A Minneapolis-based organization, Reclaim the Block works to reallocate city money away from police and instead toward community-led health and safety initiatives. They have assembled an extensive digital toolkit to help communities in all cities and states advocate for divestiture from police. You can support them via donations or by signing their petition encouraging the Minneapolis City Council to redirect police department funding toward resources for Black and Indigenous communities.
18. Soil Generation
Based in Philadelphia, Soil Generation is a Black- and Brown-led coalition with a vision for “a people’s agroecology”—a combination of environmental and food justice with a focus on community self-representation, anti-racism training, education, and advocacy. Soil Generation has successfully worked with the city council to amend a bill that would have put urban gardens at risk and continues to actively campaign for rights to vacant lots.
19. Tanya Fields of the Black Feminist Project
As founder and executive director of The Black Feminist Project, Tanya Fields is a food justice activist and educator. Fields started the Libertad Urban Farm, an organic urban garden in the Bronx, as an effort to address the lack of nutritious food and food education accessible to low-income people, specifically underserved women of color. Additionally, Fields works closely with The Hunts Point Farm Share, connecting city residents to high-quality local produce through community-supported agriculture. Today, the Black Feminist Project uses food and reproductive justice programming to explores the intersections of race, class, gender, and respectability politics and works to empower people to become leaders.

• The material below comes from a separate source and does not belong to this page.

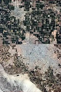 In the mid-19th century, a geologist working for the Southern Pacific Railroad came to the delta area, discovering what the native Yumans had known for centuries: that the thick river sediment deposits made the area prime farming land. These sediments extended far to the west of the river itself, accumulating in a shallow basin below the Sierra de Cucapá.[7] However, from this time period until the 1880s, the area was almost completely unpopulated, mostly due to its harsh climate. In 1888, the federal government granted a large part of northern Baja California state, including Mexicali, to Guillermo Andrade, with the purpose of colonizing the area on the recently created border with the United States. However, around 1900, the only area with any real population, aside from the Cocopah, were concentrated in Los Algodones, to the east of Mexicali.[9]

Based in Phoenix, Arizona, the TigerMountain Foundation builds community gardens, teaches job skills and workforce development programs, and runs neighborhood revitalization programs with people of all ethnicities and generations. Many of the TigerMountain Foundation staff, including CEO Darren Chapman, were formerly incarcerated, and the foundation works closely with people in the parole/justice system. Although the foundation receives grant funding, their goal is to become more financially self-sufficient through their agricultural landscaping and farmers market programs.
Toni Tipton-Martin, based in Baltimore, Maryland, works on a series of endeavors to promote food justice. She has written two James Beard Award-winning books that trace Black cuisine, Jubilee and The Jemima Code: Two Centuries of African American Cookbook. Martin served as the president of Southern Foodways Alliance board of directors and was the first Black food editor at the Cleveland Plain Dealer. Additionally, Martin founded the SANDE Youth Project, a nonprofit organization that works with children to combat obesity while supporting Black food culture.

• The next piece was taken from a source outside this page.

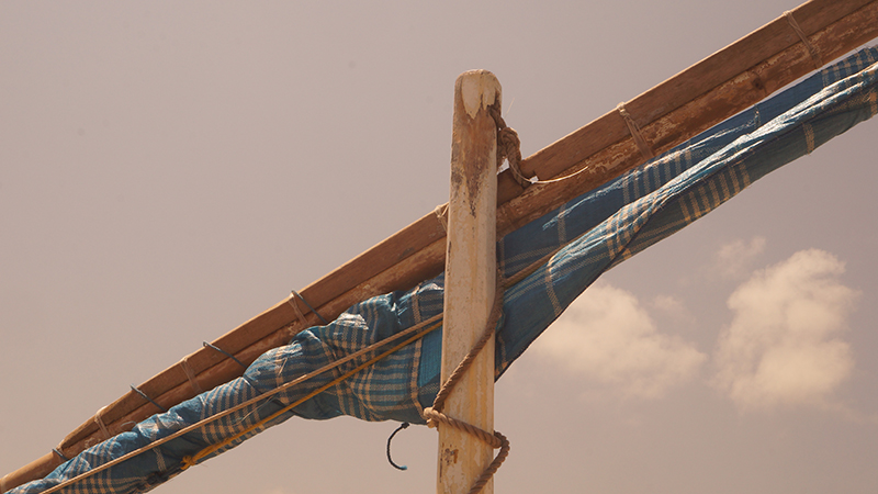 Крепление реи. Фала как такового нет. Рея с парусом легко снимается и опускается вниз.

The Urban Growers Collective operates eight urban farms on 11 acres of land in Chicago’s South Side and works with more than 33 partner organizations to create economic opportunity and boost healthy food access. Each farm uses organic methods and integrates education, leadership training, and food production. The organization was co-founded by Laurell Sims and Erika Allen, a visual artist and food advocate who works to use creativity for social change.

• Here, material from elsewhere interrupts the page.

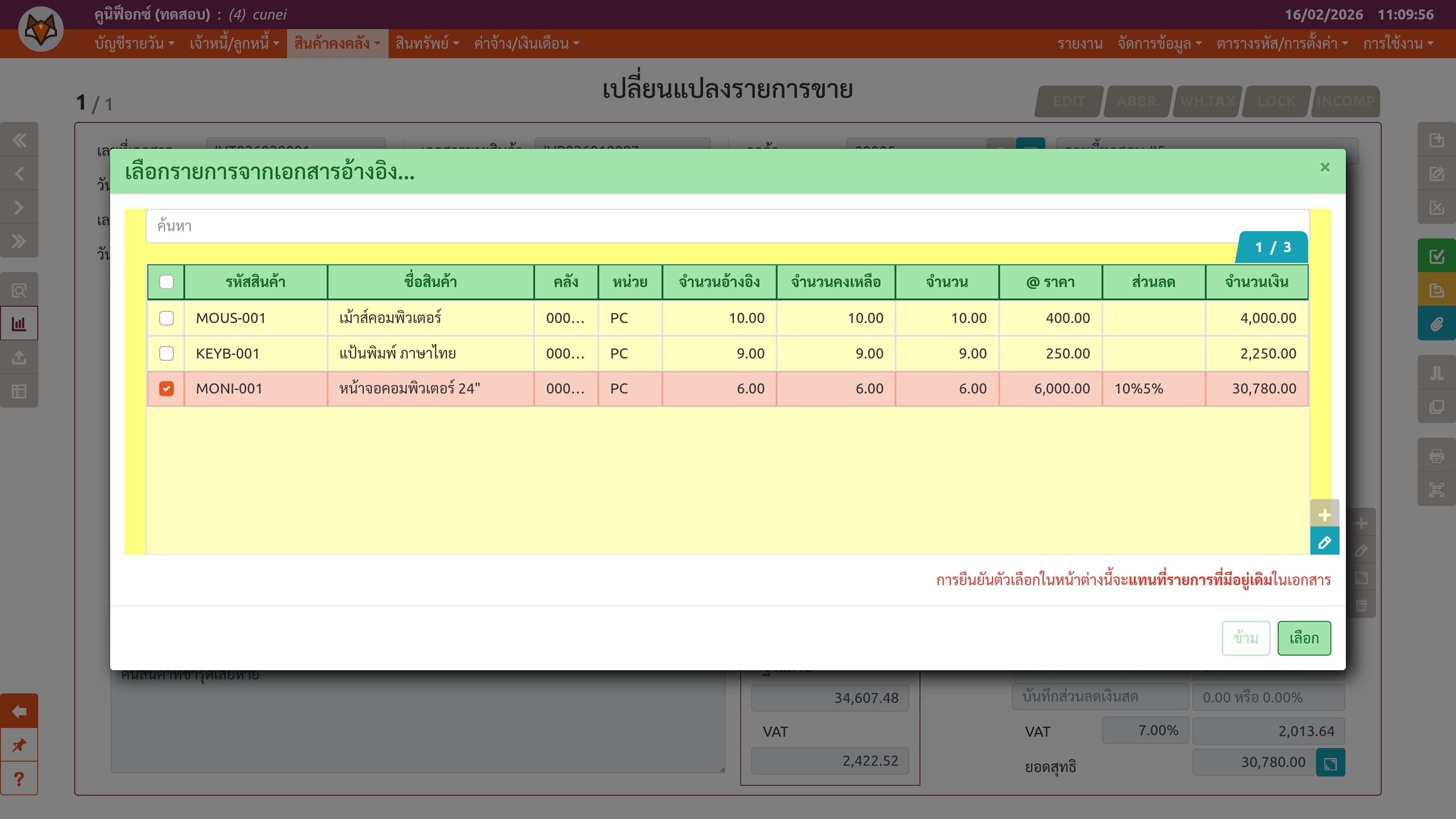 เพจ "เปลี่ยนแปลงรายการขาย" (ขั้นตอนที่ 2)

23. WANDA: Women Advancing Nutrition Dietetics and Agriculture
Given the rise of diet-related conditions like obesity and diabetes among Black women both in Africa and the Diaspora, WANDA aims to build a platform for “a new generation of food sheroes.” The WANDA movement, launched in both Africa and America, set a goal to give a million women and girls access to education and health advocacy opportunities by 2030, to improve agriculture and nutrition worldwide.